A cefaleia é uma das queixas mais frequentes na neurologia infantil. Estima-se que 75% das crianças apresentam pelo menos um episódio de dor de cabeça de forte intensidade até os 15 anos de idade e as dores de cabeça como um todo ocupam o terceiro lugar entre as causas médicas de absenteísmo escolar entre as crianças.
O diagnóstico de cefaleia é clínico. Uma boa história médica e os exames clínico e neurológico completos são essenciais para o diagnóstico de cefaleia na infância. Exames complementares como ressonância magnética e tomografia computadorizada de crânio podem não ser necessários.
As cefaleias podem ser classificadas como:
- Cefaleias generalizadas agudas: padrão das dores de cabeça que acompanham as infecções agudas (por exemplo, resfriados comuns, meningite);
- Cefaleias localizadas agudas: padrão que acompanha infecções localizadas como sinusites agudas, otite média, problemas na articulação temporomandibular (ATM);
- Cefaleias recorrentes agudas: esse é o grupo da enxaqueca, cefaleia em salva, cefaleia tensional;
- Cefaleias progressivas crônicas: aqui encontramos os tumores intracranianos, abscessos cerebrais, hidrocefalia, entre outras;
- Cefaleias crônicas não progressivas: nesse grupo encontram-se a depressão e a cefaleia induzida pelo uso abusivo de analgésicos.
As dores de cabeça são raras em menores de 4 anos de idade e sua prevalência aumenta na infância até atingir o pico por volta dos 13 anos de idade, tanto em meninos quanto em meninas. Os estudos que utilizaram a primeira classificação da Sociedade Internacional de Cefaleia (IHS, 1988) apontam para uma requentes prevalência entre 3% e 11% na população pediátrica.
Entre as cefaleias recorrentes na infância e adolescência, a enxaqueca é a mais frequente delas, seguida pela cefaleia tensional. A cefaleia em salvas é muito rara nessa faixa etária.
A enxaqueca ou migrânea representa 75% das crianças que procuram um neurologista infantil por cefaleia. É uma cefaleia de origem hereditária. Na história clínica dessas crianças, 90% delas referem que tem pelo menos um parente com quadro de enxaqueca. A dor de cabeça geralmente é unilateral, pulsátil e de forte intensidade, mas, em crianças também pode ser bilateral, frontal ou temporal. A duração da dor tende a ser mais curta (cerca de 30 min) e é muito comum a presença de sintomas associados como náusea, vômitos, tontura e muita sensibilidade à luz e ao som. Como a dor piora com a atividade física, as crianças tendem a ficar quietinhas e buscar um quarto escuro.
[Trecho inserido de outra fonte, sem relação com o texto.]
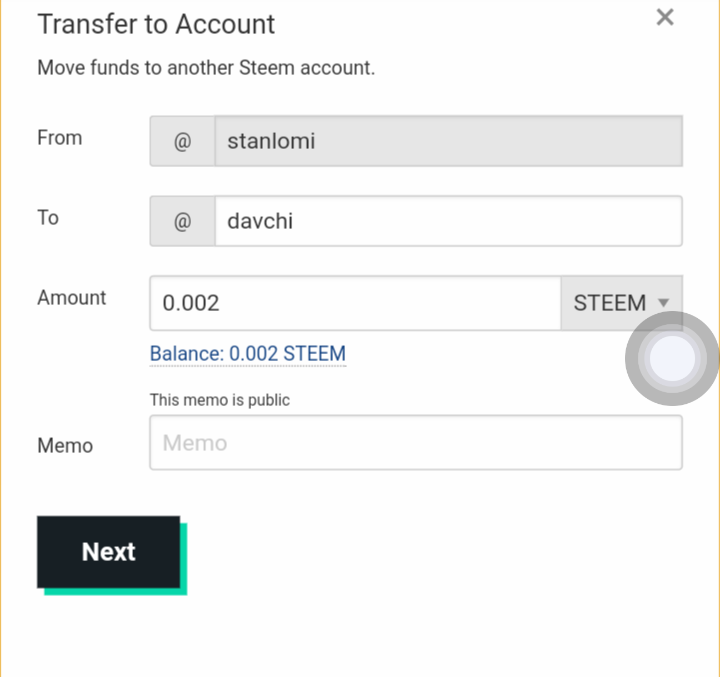 Below the simple steps involved in the transfer of steem token to another account.
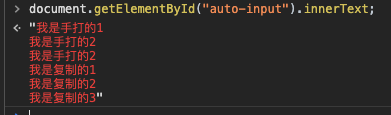 - 结果分析: 在输入到下一行的时候,第一个导致换行的字符在触发input事件的时候获取到的

Os principais desencadeantes das crises de enxaqueca na população pediátrica são alterações hormonais, estresse, privação de sono, jejum prolongado e exposição a alguns tipos de alimentos (frituras, salgadinhos, chocolate, entre outros).
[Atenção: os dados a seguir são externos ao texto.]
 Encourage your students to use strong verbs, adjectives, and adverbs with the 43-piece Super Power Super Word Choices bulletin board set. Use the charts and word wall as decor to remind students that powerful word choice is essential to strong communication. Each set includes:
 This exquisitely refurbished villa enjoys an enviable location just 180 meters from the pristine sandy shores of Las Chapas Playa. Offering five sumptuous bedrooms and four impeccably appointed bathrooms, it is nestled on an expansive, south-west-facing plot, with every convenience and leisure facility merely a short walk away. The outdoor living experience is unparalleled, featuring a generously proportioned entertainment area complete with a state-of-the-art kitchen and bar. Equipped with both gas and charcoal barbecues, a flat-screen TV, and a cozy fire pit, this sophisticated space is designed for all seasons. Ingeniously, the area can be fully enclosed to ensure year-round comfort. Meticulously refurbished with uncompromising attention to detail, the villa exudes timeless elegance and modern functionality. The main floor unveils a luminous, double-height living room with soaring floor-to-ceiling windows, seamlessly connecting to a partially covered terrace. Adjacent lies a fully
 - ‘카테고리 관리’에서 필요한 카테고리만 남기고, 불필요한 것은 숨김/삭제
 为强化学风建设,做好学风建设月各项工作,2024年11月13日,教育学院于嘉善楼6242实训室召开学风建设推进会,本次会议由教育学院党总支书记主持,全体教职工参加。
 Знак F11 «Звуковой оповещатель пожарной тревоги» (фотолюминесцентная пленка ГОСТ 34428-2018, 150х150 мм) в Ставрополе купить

A cefaleia tensional geralmente começa na adolescência e os pacientes referem história familiar de cefaleia tensional. A dor é, geralmente, bilateral, difusa, de fraca a média intensidade, no final do dia. Os sintomas de náusea, vômitos e sensibilidade à luz são raros e a dor não piora com a atividade física.
A cefaleia em salvas é rara na infância e ocorre quase exclusivamente após os 10 anos de idade. Geralmente acomete homens adultos e raramente se repete na mesma família. Caracteriza-se por uma dor de forte intensidade, que começa durante o sono, acorda a criança, que fica agitada, não consegue ficar parada. A dor é sempre unilateral, começa atrás de um olho e espalha-se para um lado da cabeça. A duração da dor é de 30 a 90 minutos e costuma repetir várias vezes no mesmo dia. Depois, pode passar meses ou anos sem recorrência. Alguns fenômenos autonômicos como lacrimejamento ocular, vermelhidão na conjuntiva ou na face, sudorese podem estar associados à dor de cabeça.
As dores de cabeça crônicas têm um grande impacto na qualidade de vida das crianças e devem ser reconhecidas precocemente, valorizadas e tratadas adequadamente.